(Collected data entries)

|---|

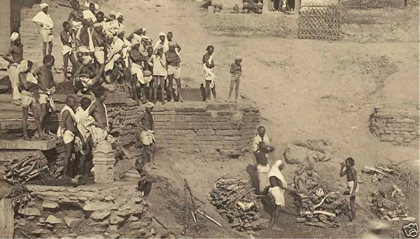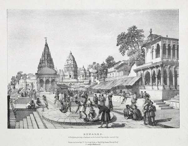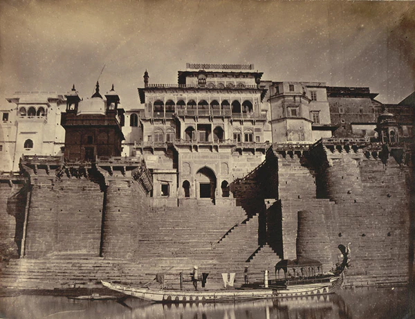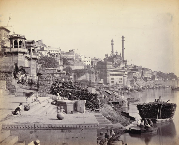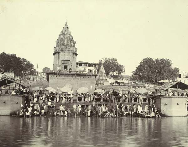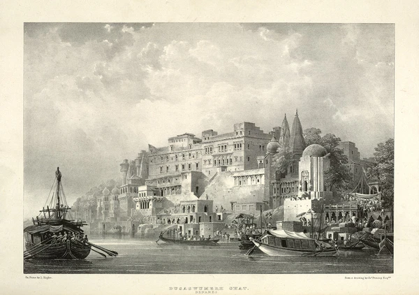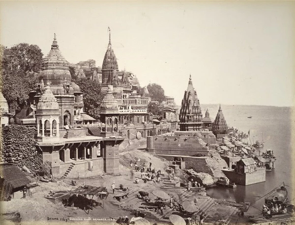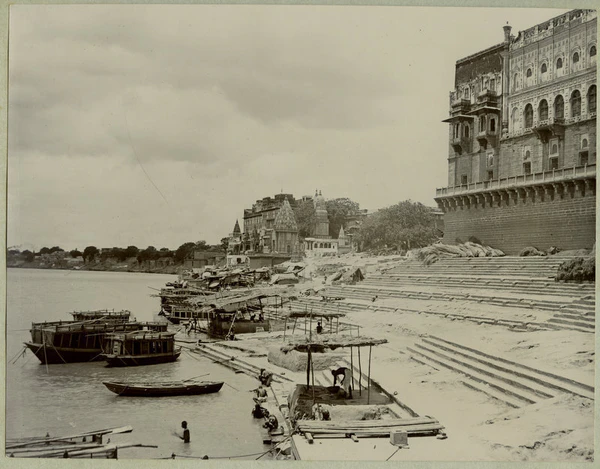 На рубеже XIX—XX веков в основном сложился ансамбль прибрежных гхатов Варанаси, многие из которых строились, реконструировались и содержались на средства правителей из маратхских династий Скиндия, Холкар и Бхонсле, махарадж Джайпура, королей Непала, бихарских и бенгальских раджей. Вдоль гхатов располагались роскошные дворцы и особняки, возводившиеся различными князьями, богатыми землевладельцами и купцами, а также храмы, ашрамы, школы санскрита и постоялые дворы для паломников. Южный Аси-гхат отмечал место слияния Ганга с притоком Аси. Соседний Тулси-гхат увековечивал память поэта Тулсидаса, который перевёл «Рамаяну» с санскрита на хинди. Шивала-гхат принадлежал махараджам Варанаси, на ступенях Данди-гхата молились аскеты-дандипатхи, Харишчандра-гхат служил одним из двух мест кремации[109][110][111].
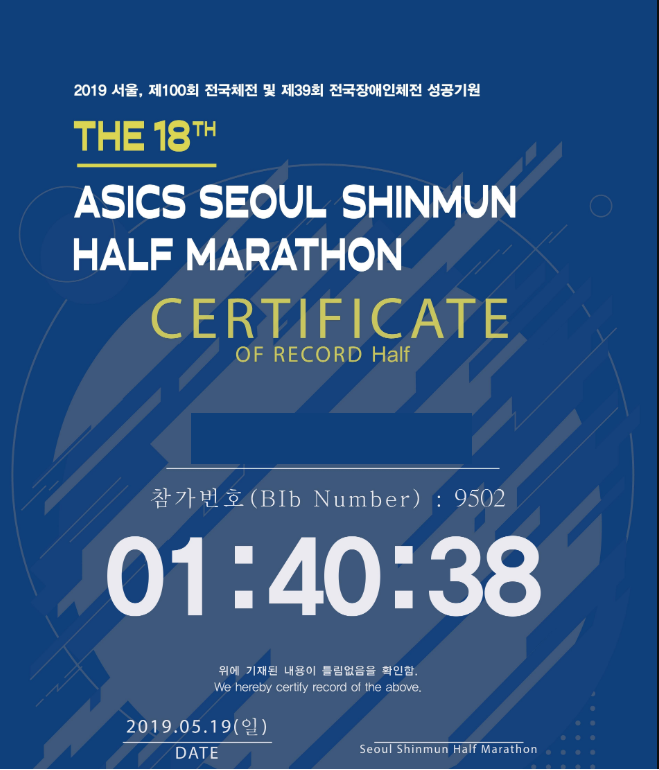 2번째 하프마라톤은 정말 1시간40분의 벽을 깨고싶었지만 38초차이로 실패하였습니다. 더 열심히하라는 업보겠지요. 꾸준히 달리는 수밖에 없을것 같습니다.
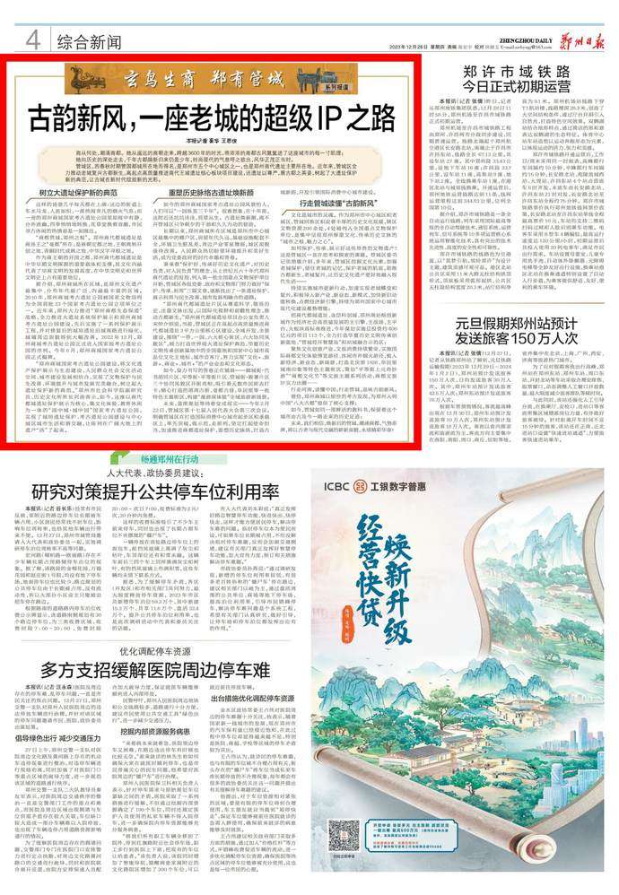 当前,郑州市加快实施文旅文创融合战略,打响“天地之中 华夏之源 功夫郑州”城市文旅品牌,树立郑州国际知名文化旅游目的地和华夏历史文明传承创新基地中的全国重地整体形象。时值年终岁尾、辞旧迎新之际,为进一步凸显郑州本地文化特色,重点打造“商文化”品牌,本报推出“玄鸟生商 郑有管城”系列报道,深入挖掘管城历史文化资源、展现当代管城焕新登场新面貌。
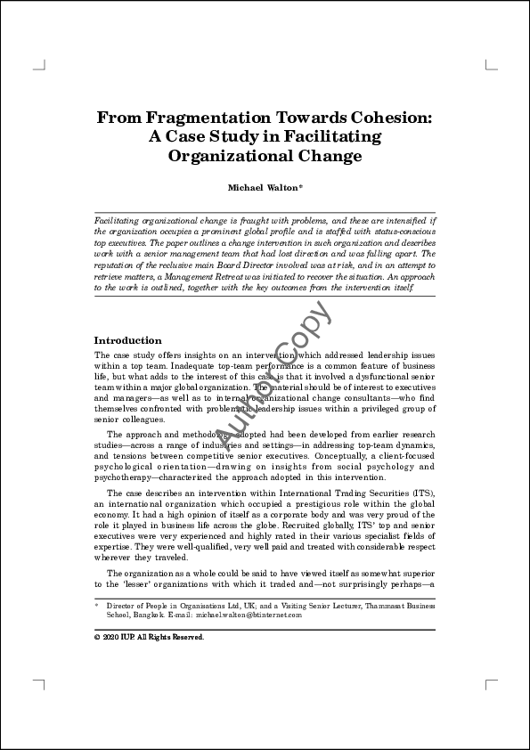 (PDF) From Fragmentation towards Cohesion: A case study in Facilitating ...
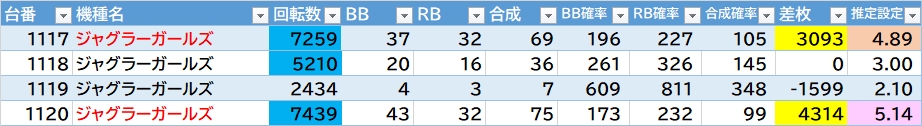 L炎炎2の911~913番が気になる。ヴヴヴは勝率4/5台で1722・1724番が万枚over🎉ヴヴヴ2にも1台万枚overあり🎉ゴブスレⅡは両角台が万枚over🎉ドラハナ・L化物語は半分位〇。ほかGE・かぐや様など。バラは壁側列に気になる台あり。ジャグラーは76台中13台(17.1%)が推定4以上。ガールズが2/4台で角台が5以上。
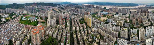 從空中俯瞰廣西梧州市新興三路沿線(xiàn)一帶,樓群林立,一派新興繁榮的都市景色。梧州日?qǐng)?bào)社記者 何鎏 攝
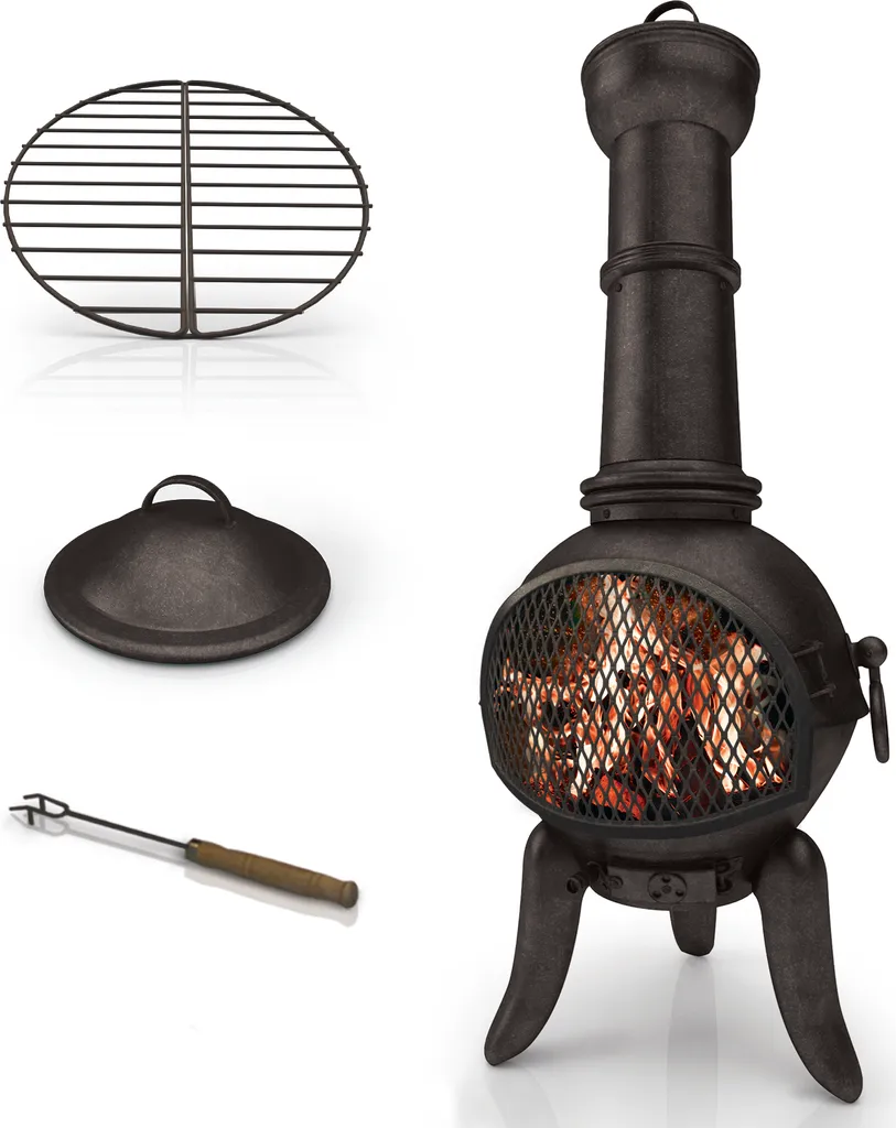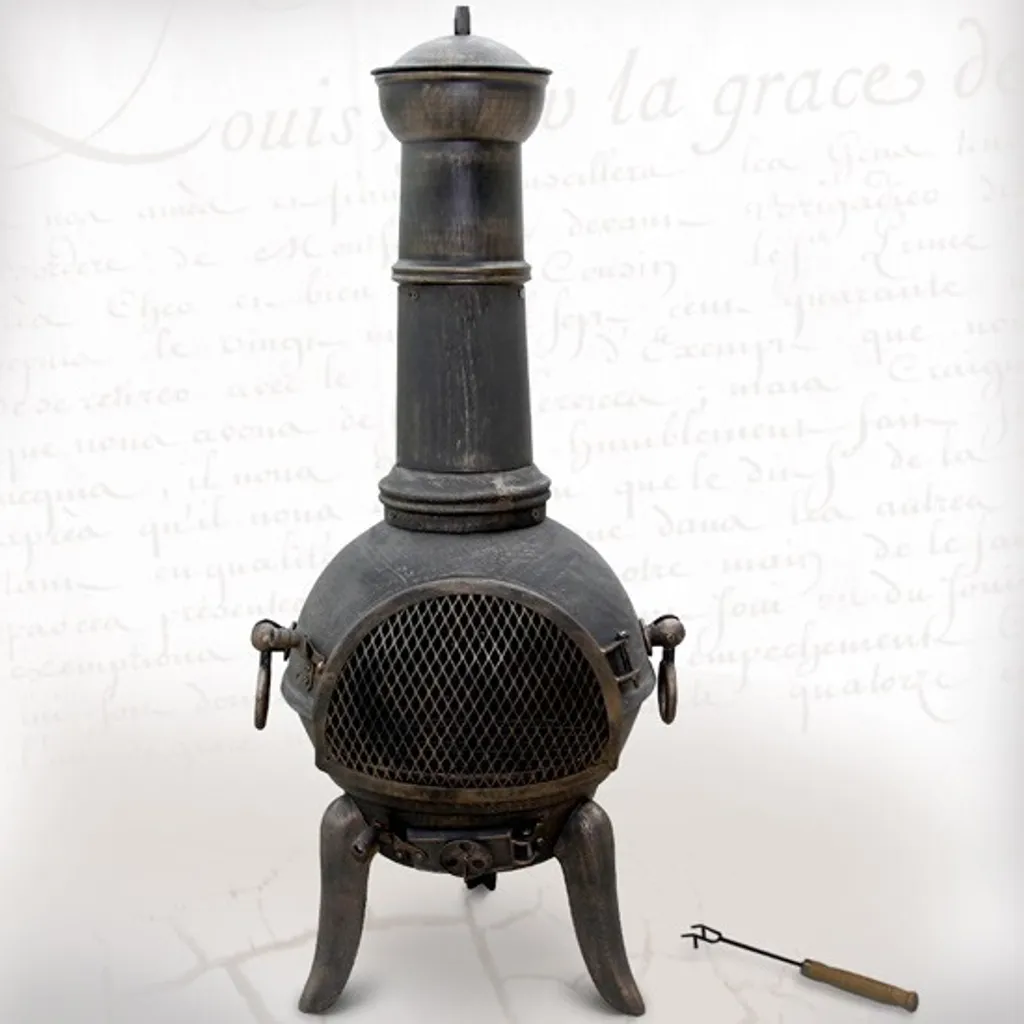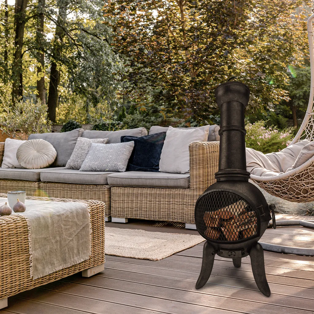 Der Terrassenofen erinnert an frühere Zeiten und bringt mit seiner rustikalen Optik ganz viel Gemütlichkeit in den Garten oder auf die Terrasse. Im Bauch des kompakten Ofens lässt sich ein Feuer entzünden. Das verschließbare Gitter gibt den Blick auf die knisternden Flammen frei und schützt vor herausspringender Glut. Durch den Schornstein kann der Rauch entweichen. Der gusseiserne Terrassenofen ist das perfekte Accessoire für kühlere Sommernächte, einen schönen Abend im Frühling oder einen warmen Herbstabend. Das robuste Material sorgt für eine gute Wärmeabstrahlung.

|---|

Problem details: Without any picture, return exactly the lines of the records above from the first through the line that contains "2번째 하프마라톤은 정말".

Your response:
 На рубеже XIX—XX веков в основном сложился ансамбль прибрежных гхатов Варанаси, многие из которых строились, реконструировались и содержались на средства правителей из маратхских династий Скиндия, Холкар и Бхонсле, махарадж Джайпура, королей Непала, бихарских и бенгальских раджей. Вдоль гхатов располагались роскошные дворцы и особняки, возводившиеся различными князьями, богатыми землевладельцами и купцами, а также храмы, ашрамы, школы санскрита и постоялые дворы для паломников. Южный Аси-гхат отмечал место слияния Ганга с притоком Аси. Соседний Тулси-гхат увековечивал память поэта Тулсидаса, который перевёл «Рамаяну» с санскрита на хинди. Шивала-гхат принадлежал махараджам Варанаси, на ступенях Данди-гхата молились аскеты-дандипатхи, Харишчандра-гхат служил одним из двух мест кремации[109][110][111].
 2번째 하프마라톤은 정말 1시간40분의 벽을 깨고싶었지만 38초차이로 실패하였습니다. 더 열심히하라는 업보겠지요. 꾸준히 달리는 수밖에 없을것 같습니다.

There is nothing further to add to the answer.